しかし、それもいつもの事と心得ているフラビージョは、ずんずん歩く彼の前にひょいっと立って、可愛らしくとうせんぼをしてみせた。 
「このごろさあ、みーんならくだいでしょ〜?だから今度の作戦、あたしがやろうと思って。だけどあたし、あんたと違って直接の配下っていないでしょ?だーかーらあv」
無邪気に、さも害がなさそうにフラビージョは笑顔を作った。

「ねー、クグツつくって」
「クグツ一体造るのに、どのくらいの時間がかかると思っているのだっ?お前のために造っている時間があるなら、あいつらを効率よく倒す算段でも考えてた方がいいだろ」
「だから、あたしが作戦するっていってるじゃない」
「ダメだ」
「ねえねえ?」
「ダメだ」
「ねーったらあ」
「何回言ってもダメだっ」
「きゃあ、こわーいvアハハハっ・・・・・・」


** ** **


「わあ〜っ」
「お前の注文通りだぞ」
明るい赤のボディと、大きな複眼にお団子頭。
そこからふわりと出ている自分の羽と同じ色をした4枚の羽(もどき)。手首にふわふわの毛皮(これももどき)。
すべて自分の注文通りのスタイルに満足したのか、フラビージョは明るい声を出した。
サーガインの研究室兼作業室の端にでんと立っていたのは、シルエットだけはフラビージョそっくりな忍者、フラビジェンヌだ。

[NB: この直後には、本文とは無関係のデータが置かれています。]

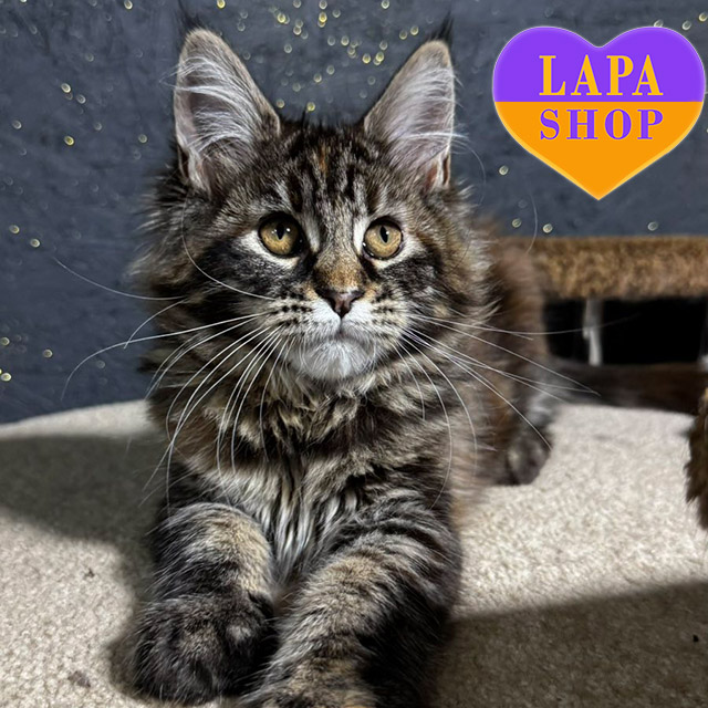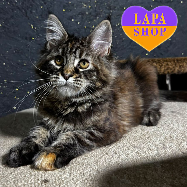 Usama — мейн-кун девочка с привлекательным окрасом чернаый черепаховый мраморный (f 22). Ее красивая шерсть и грациозный вид делают ее настоящим украшением дома.

結局、しつこいフラビージョに折れた彼は文句を言いつつ、クグツを作ってくれた。
彼は意外と面倒見が良い。
その面倒見の良さを発揮するのは何もフラビージョだけに限らず、ウェンディやマンマルバ達にも言える事なのだけれど・・・。

けど、嬉しいものはうれしいのだ。

「かあわいい〜v注文どおりだね、フラビジェンヌ!」
「もう少しで完成だ」
「みんなきっと驚くだろうなあー♪」
フラビージョは無責任なくらい浮き足だって、赤色のクグツの周りをくるくると回っている。そしてクグツの顔に触れたり、羽をめくってみたりして、まだこれに意識がない事がわかり、「はやくおしゃべりできたらな〜」などとホザいている。

これを作るのにどれだけ時間がかかった事やら・・・いや、フラビジェンヌに限らずクグツを作るのはけっこうな時間がかかる。有能な科学者であるサーガインだからこそ、この時間でまかなえるのであって、並の者がつくろうとしたって、こんな突貫工事でつくれるハズがない。
にもかかわらず、無邪気に笑っているフラビージョが協力したのはただひとつ、遺伝子情報の提供・・・・・・髪の毛を一本引っこ抜いただけだ。

「ありがと、サーガイン」
「フン、これだけ手間をかけたのだ。どんなクグツの使い方をするのか見せてもらうぞ」
サーガインは半ばヤケ気味でフラビージョに吐き捨てた。
「もちろーんvあたしがジャカンジャで一番だもん。これでこの子がいれば300倍、ねー?」
「まったく」
まだ抜け殻のままのフラビジェンヌに微笑む彼女は、まあ、可愛くないこともなかった。これを他の連中・・・ウェンディーヌやサタラクラ、でっかくなって可愛いげのかけらもなくなったマンマルバがやったら、ぶっ飛ばしている所だろう。

舌足らずであまり起伏のないしゃべり方をし、外見だけは少女どころかガキのフラビージョ。しかしその内面はひとを平気で裏切り、気安く近づいた者は手痛いシッペ返しを喰らわす。無邪気で、屈託なく笑い、その笑顔でヒトを引きつけてそして残酷な針でトドメを刺すのが彼女のやり方なのだ。
きっと彼女の頭の中では今、色々と狡猾な作戦が練られている所だろう。